The U.S. Department of Energy canceled plans to issue a rule that would have removed a regulatory requirement for colleges and schools receiving funding from the agency. The requirement in question is meant to level the playing field between women and men in athletics.
The Energy Department’s rule would have no longer required colleges and schools receiving Energy Department funding to provide women or girls a chance to try out for contactless men’s or boys’ sports teams in cases where no equivalent sports team exists for them.
Under current requirements, for example, girls must be allowed to try out for spots on the boys’ baseball team if there is no girls’ softball team.
In May, the Trump administration quietly proposed rescinding this requirement, along with a handful of other regulatory changes, by issuing a “direct final rule.” That process is usually reserved for uncontroversial regulations that are not expected to receive pushback, allowing an agency to issue new policies without incorporating changes based on public feedback.
On Sept. 10, however, the Energy Department said it was withdrawing the proposed change entirely after it received over 21,000 comments — many of them opposing the changes.
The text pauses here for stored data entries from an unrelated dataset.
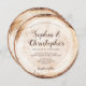 Inspired by the wood cut slab you often see at beautiful, romantic, rustic weddings, I wanted to design a round card imitating the wood slice, showing off the tree rings. Customize the script type of the bride and groom names plus wedding date, and location.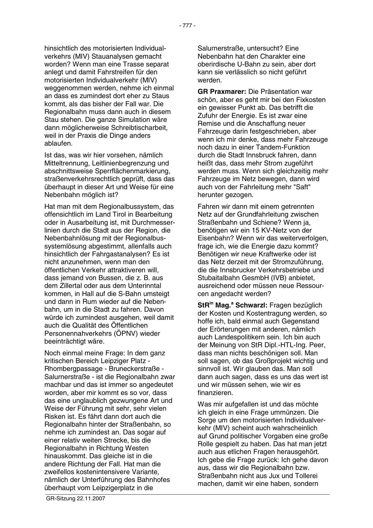 der Meinung von StR Dipl.-HTL-Ing. Peer,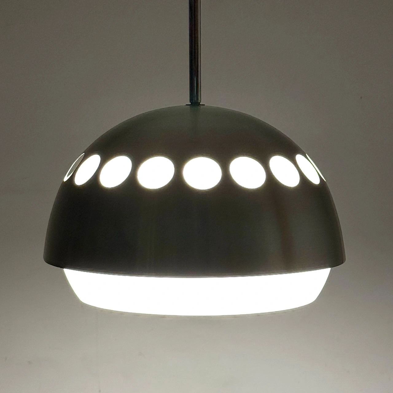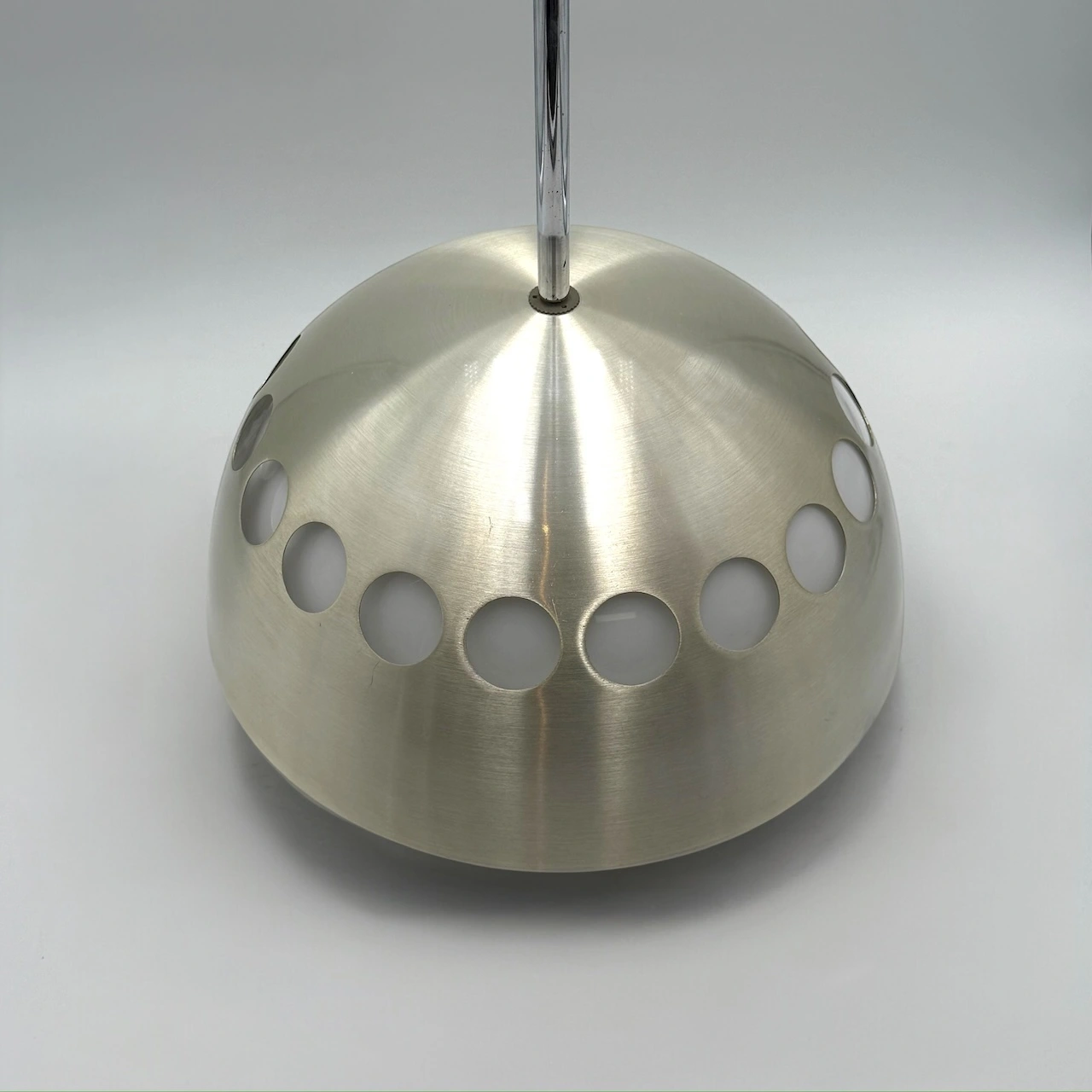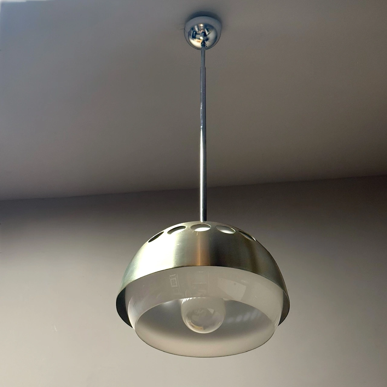 Amazing 70s UFO lamp from Italy. Space Age design hanging light in brushed metal and ABS, perfect for vintage or Mid-Century interiors. A true retro-futuristic statement.

The rescission came after the administration initially delayed the rule’s July 14 effective date until Sept. 12 amid significant pushback.
The withdrawal was celebrated by Title IX civil rights advocates, who worried the rule would reverse progress for girls and women in sports.
However, a handful of other changes remain — albeit delayed — on the Energy Department's docket that would impact colleges and schools receiving the agency's grants.
For example, the agency still plans to move forward with a rule that would no longer require colleges and schools to prevent systemic racial discrimination that may result from seemingly neutral policies.The Energy Department has twice delayed that proposal's effective date as a result of pushback, most recently to Dec. 9.
"Withdrawing the athletics rule shows that public pressure works, but continuing forward with the other rules shows this administration is still determined to chip away at opportunities for women, girls, and communities of color," said Shiwali Patel, senior director of safe and inclusive schools at the National Women’s Law Center, in a Sept. 9 statement. "Rescinding these other rules will deepen inequities in education and beyond."
Patel and other education civil rights experts have expressed concern over the rules being issued through an expedited process.
The Energy Department did not comment in time for publication. However, it said in its notice of the proposal's withdrawal that it is allowed to propose a rule in the future "that may be substantially identical or similar to those previously proposed."
The administration's decision to release the proposed rules through the Energy Department and attempt to push them through quickly marks a shift from typical K-12 policymaking, which is usually left to the U.S. Department of Education, some education experts said in July.
It could have been a trial run: Had the Energy Department's proposals gone uncontested, it's possible other agencies would have also tried setting education policy this way, they said.
“This is a paradigm shift on the part of how the federal government articulates and connects some of these tools to their education priorities,” Kenneth Wong, an education policy professor at Brown University, said in July, when the rules were originally set to take effect. “Basically every single school, in practically every single school district, has some grants from one of the many agencies in the federal government."